19. The compound of claim 16, wherein the compound is selected from

20. A compound having a structure satisfying formula 5

Wherein

R¹Each independently selected from the group consisting of halogen, aliphatic group, halogenated heteroaliphatic group, aromatic group, aliphatic-aromatic group, heteroaliphatic-aromatic group, or any combination thereof;

R²each independently selected from the group consisting of halogen, aliphatic group, halogenated heteroaliphatic group, aromatic group, aliphatic-aromatic group, heteroaliphatic-aromatic group, or any combination thereof;

R³each independently selected from the group consisting of halogen, aliphatic group, halogenated heteroaliphatic group, aromatic group, aliphatic-aromatic group, heteroaliphatic-aromatic group, or any combination thereof;

R²¹each independently is an aliphatic group, a heteroaliphatic group, an aliphatic-aromatic group, a heteroaliphatic-aromatic group, an aromatic group, or any combination thereof; and is

Each n is independently an integer selected from 0to 3.

21. The compound of claim 20, wherein the compound has a structure satisfying one or more of formulas 5A, 5B, or 5C

Wherein R is¹⁵Each independently selected from alkyl, alkenyl, alkynyl, heteroalkyl, heteroalkenyl, heteroalkynyl, haloalkyl, haloalkenyl, haloalkynyl, haloheteroalkyl, haloheteroalkenyl, haloheteroalkynyl, aryl, heteroaryl, alkyl-aryl/alkenyl-aryl/alkynyl-aryl, alkyl-heteroaryl/alkenyl-heteroaryl/alkynyl-heteroaryl, heteroalkyl-aryl/heteroalkenyl-aryl/heteroalkynyl-aryl, heteroalkyl-heteroaryl/heteroalkenyl-heteroaryl/heteroalkynyl-heteroaryl, or any combination thereof.

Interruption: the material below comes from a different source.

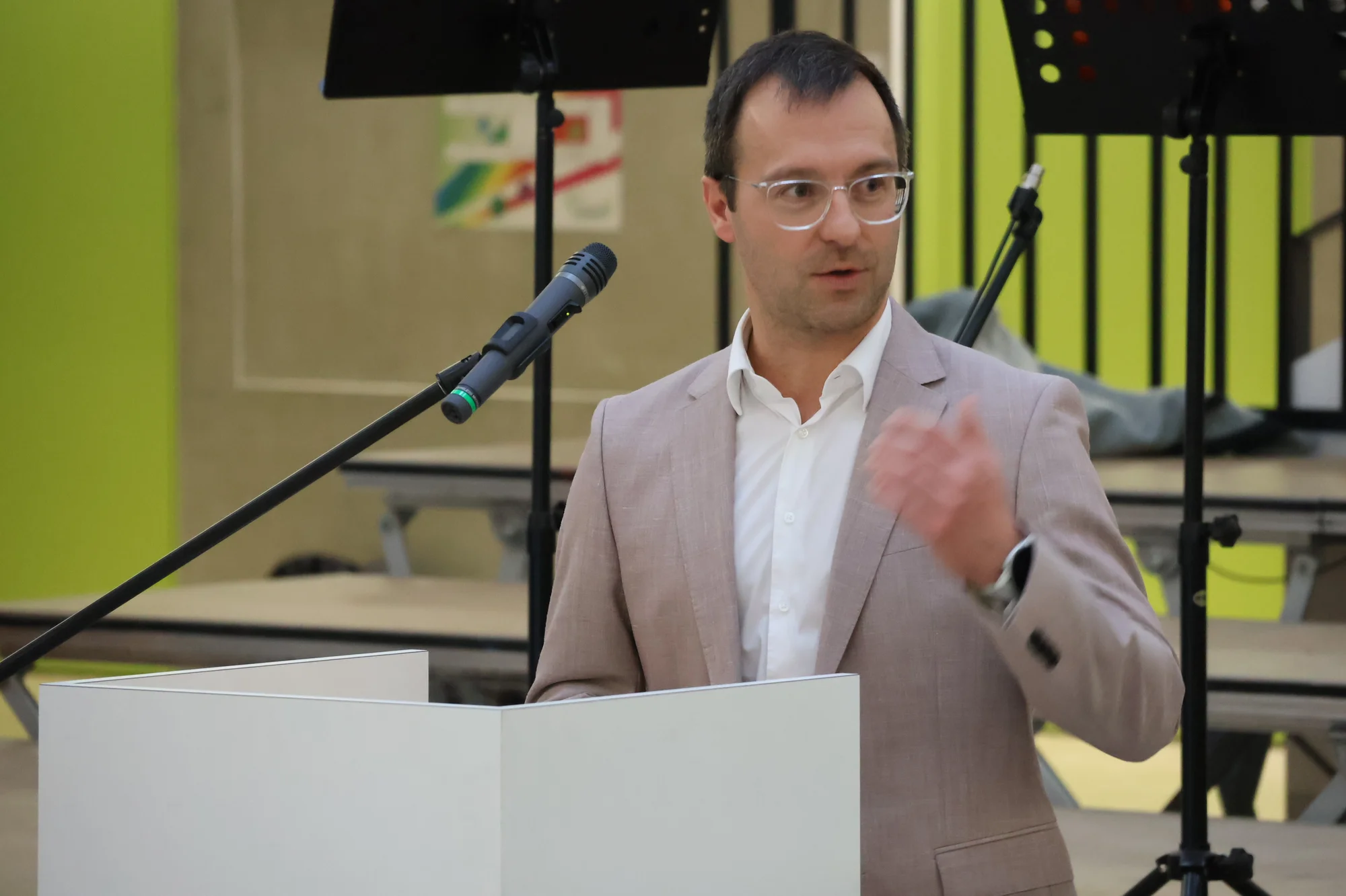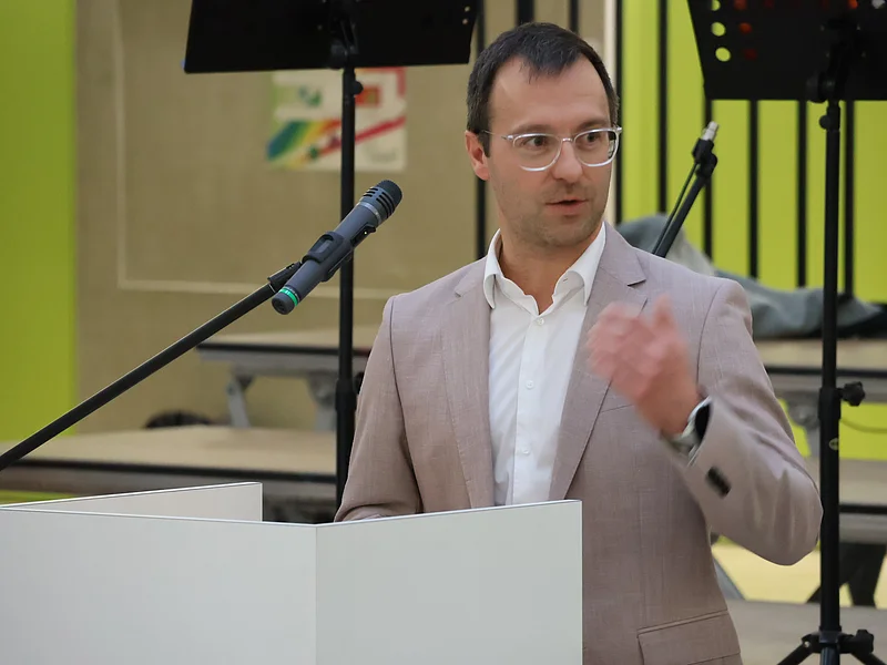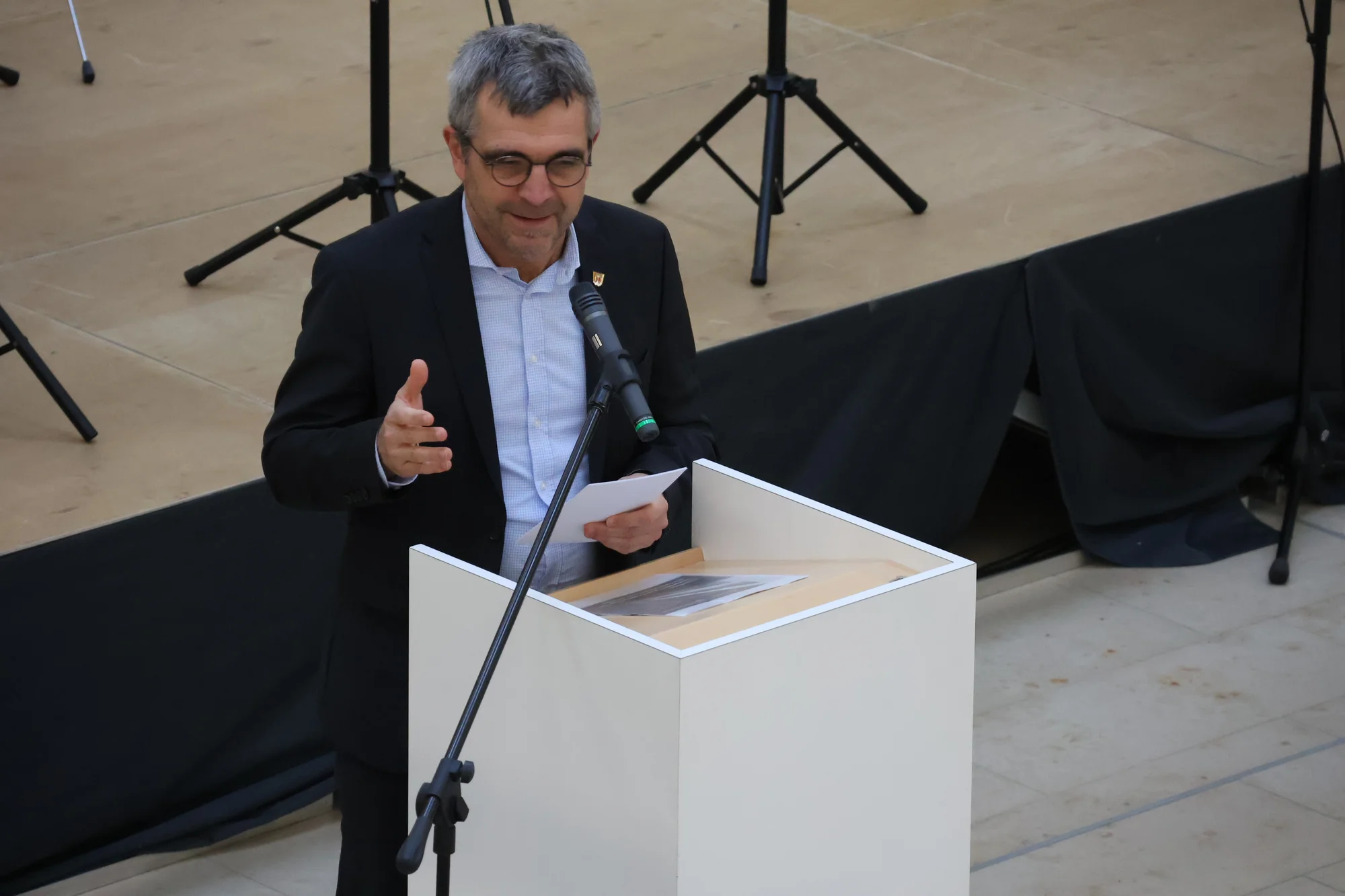 Stefan Liepold, der stellvertretende Leiter des Gymnasiums, schilderte in seinem Redebeitrag die aktuelle Lage der Schule und bedankte sich beim Sachaufwandsträger und allen Beteiligten, dass dieses Erweiterungsprojekt trotz finanzieller Herausforderungen zum wohl vieler Schülergenerationen angegangen worden ist. Der musikalische Rahmen der Veranstaltung kam von der Bläsergruppe des Gymnasiums unter der Leitung von Theresa Schnizlein.

22. The compound of claim 20 or 21, wherein the compound is selected from

23. A method of making a compound of any one of claims 1-5, 8-13, 15-17, or 19-21, comprising: exposing a compound comprising a first aromatic group functionalized with (i) one or more alkyne moieties and (ii) a second aromatic group to a catalyst effective to promote the formation of intramolecular bonds between the one or more alkyne moieties of the first aromatic group and carbon atoms of the second aromatic group.

24. The method of claim 23, wherein the method further comprises: coupling a starting material comprising the first aromatic group and further comprising a boronic acid or boronic ester with a starting material comprising the second aromatic group and further comprising a halogen atom using a transition metal, thereby preforming the compound.

25. The method of claim 23, wherein the compound further comprises a third aromatic group functionalized with one or more alkyne moieties.

26. The method of claim 23, wherein the catalyst is effective to promote the formation of an intramolecular bond between one or more alkyne moieties of the third aromatic group and a carbon atom of the second aromatic group.

27. The method of claim 23, wherein the catalyst is a bronsted acid or a lewis acid.

28. The method of claim 23, wherein the catalyst is HCO₂CF₃、HOSO₂CH₃、HOSO₂CF₃、InCl₃、PtCl₂、AuCl₃Or AuCl (PPh)₃)。

29. A device comprising the compound of any one of claims 1-5, 8-13, 15-17, or 19-21, wherein the device is an electronic device selected from an organic transistor, a light emitting device, a sensor device, or an organic photovoltaic device; or a device for detecting biological compounds.